Testing with Flowman#
Testing data pipelines often turns out to be a difficult undertaking, since the pipeline relies on external data
sources which need to be mocked. Fortunately, Flowman natively supports writing tests
, which in turn support simple
mocking of relations and/or mappings. This allows you to easily test the whole processing logic or even to test
only some subsets of functionality represented by some mapping by mocking the output of its input mappings and just
checking the results of the mapping under test.
Flowman Tests#
Let’s have a look at the following example:
tests:
test_facts:
environment:
- year=2013
overrideMappings:
measurements:
kind: mock
records:
- year: $year
date: $year-01-02
time: 0100
usaf: 999999
wban: 63897
wind_direction_qual: 9
wind_speed_qual: 9
air_temperature_qual: 9
- year: $year
date: $year-01-02
time: 0100
usaf: 99999
wban: 63897
wind_direction_qual: 9
wind_speed_qual: 9
air_temperature_qual: 9
stations:
kind: mock
records:
- usaf: 999999
wban: 63897
country: US
- usaf: 999999
wban: 1
country: DE
targets:
- validate_stations_raw
assertions:
measurements_joined:
kind: sql
description: "Measurements are joined correctly"
tests:
- query: "SELECT year,usaf,wban,country FROM measurements_joined"
expected:
- [$year,999999,63897,US]
- [$year,99999,63897,null]
In the example above, the mapping measurements_joined
(not shown here) is tested inside the SELECT
statement of the
assertions
block at the end.

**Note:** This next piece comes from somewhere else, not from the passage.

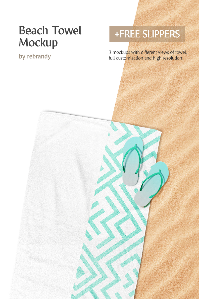 Download Мокап для продукта "Beach Towel product mockup" / Beach Towel product mockup - Мокап для продукта на тему графика psd mockup template beach towel jack-towel slippers swimming pool bath bathroom kitchen home gym microfiber textile spa accessory bathtub mokcup

To be able to run this statement without accessing external data sources, some
input relations (namely measurements
and stations
) have been mocked in the overrideMappings
section.
Please find more details in the testing documentation
Running Tests#
The easiest way to execute tests is to use the Flowman Shell, which provides a simple command
test run
, which will run all tests defined in your project.
Java/Scala Unit Tests#
Flowman now also includes a flowman-testing
library which allows one to write lightweight unit tests using either Scala
or Java. The library provides some simple test runner for executing tests and jobs specified as usual in YAML files.
Data Quality Tests#
The testing framework above is meant for implementing unit tests (i.e. self-contained tests without any dependency to external systems like databases for additional files). If you want to assess the data quality of either the source tables or the generated tables, you may want to have a look at documenting with Flowman and the validation and verify targets.